Executive Software
Engineering Program
EE380L –Data Mining-SE
Spring 2010
Instructor:
Joydeep
Ghosh, Ph.D. Professor and Schlumberger Centennial
Chair in Engineering
Email
address: ghosh@ece.utexas.edu;
URL:
http://www.ideal.ece.utexas.edu/~ghosh
Course
Title and Description:
Many companies that gather huge amounts of electronic data have now begun applying data mining techniques to their data warehouses to discover and extract “hidden” patterns useful for making smart business decisions. Effective data mining requires an understanding of concepts from exploratory data analysis, pattern recognition, machine learning/ AI, heterogenous data bases, parallel processing and data visualization, in addition to knowing the application domain. I will focus on basic techniques for data mining, including methods useful for analyzing information from the world wide web. Demos using an industrial strength software (SAS)) will be given and some applications/case studies will be discussed. The course involves a mid-term exam, a paper presentation and a term project. There will be no final exam. You will also be exposed to Matlab, which is excellent for working with vectors and matrices, and for fast algorithm development.
Textbooks:
Author: Pang-Ning
Tan, Michael Steinbach, and Vipin Kumar (TSK)
Title:
Introduction to Data Mining
Publisher:
Addison-Wesley
(2005)
ISBN: 0-321-32136-7.
Author: Witten
and Frank (WF)
Title: Data
Mining (2nd Ed)
Publisher:
Morgan Kaufmann (2005)
ISBN: 0-12-088407-0
Course
Expectations:
This course requires
students to have an undergraduate
level understanding of some basic concepts
from probability/statistics, data analysis and linear algebra. This
is a graduate course so the workload will be medium..

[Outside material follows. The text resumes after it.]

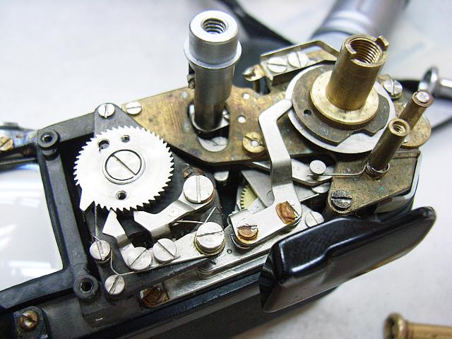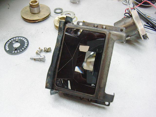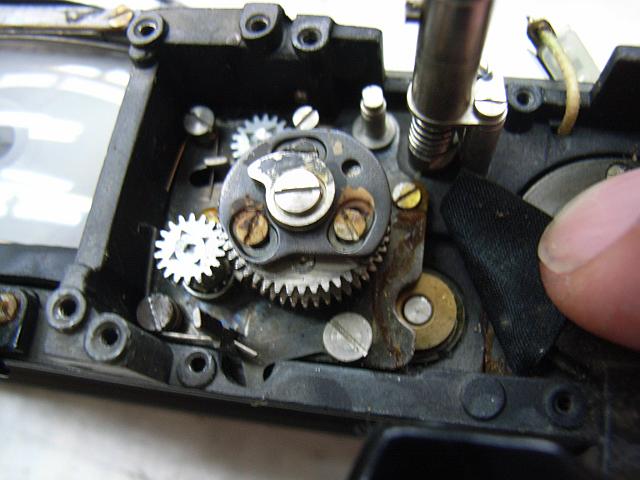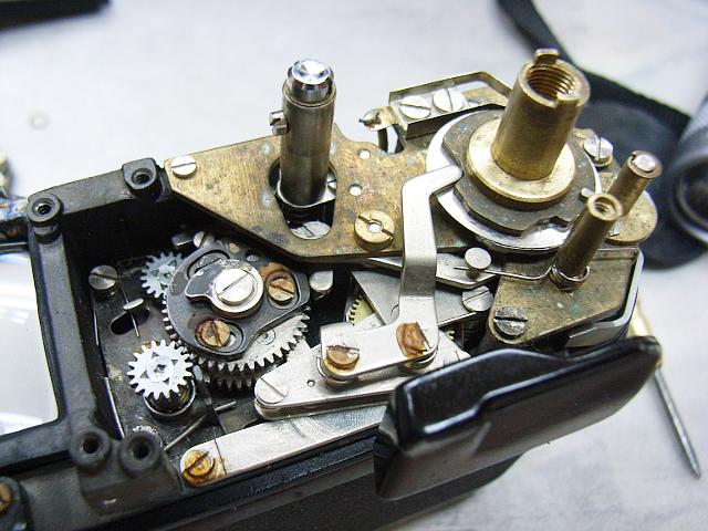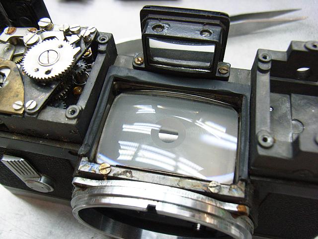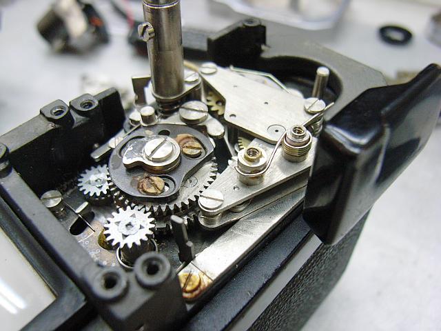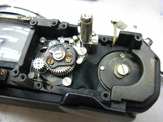 既にシャッタースピードダイヤルと露出計のメーターを連動させるための例の金属帯と、露出計、それからプリズムとマウント周りのカバーは外しました。

While studying techniques for database representation/modeling, clustering, classification, finding associations and sequence processing, emphasis will be placed on the issues of algorithm scalability, performance, interpretability and the ability to deal with garbage data. 10-15 minute student talks will be interwoven with the lectures, depending on class size. The last two classes will largely consist of student term-project presentations, followed by active discussion.
Class
outline:
Introduction – January 15 and 16
Reading Assignment: TSK ch 1-3; Appendix A, B, C, D; WF ch
1, 2, 7.1-7.3
Area of study: overview, SAS demos. Data quality and pre-processing; Intro to Regression.
February 12 and 13
Area of study: Predictive modeling;
Classification methods; Finding association rules.
March 12 and 13
Reading Assignment::
TSK ch 8, 9, WF 3.9, 4.8, 6.6;
Area of study: clustering/segmentation;
market basket analysis.
April 9 and 10
Reading Assignment:
TSK Ch 5.6; WF 7.5 and 8.3
Area of study: Combining multiple
models; intro to web analytics:
analyzing hyperlink structure
May 14 and 15
Reading Assignment: notes
Area of study: web analytics (contd): analyzing content and usage of web sites.; project presentations; course wrap-up; the future of data
mining.
Grading
Information:
35% final project,
30% written homework
20% mid-term
10% brief
presentation of research paper/topic (groups of 2; list provided). (dropped for large class sizes)
5% class
participation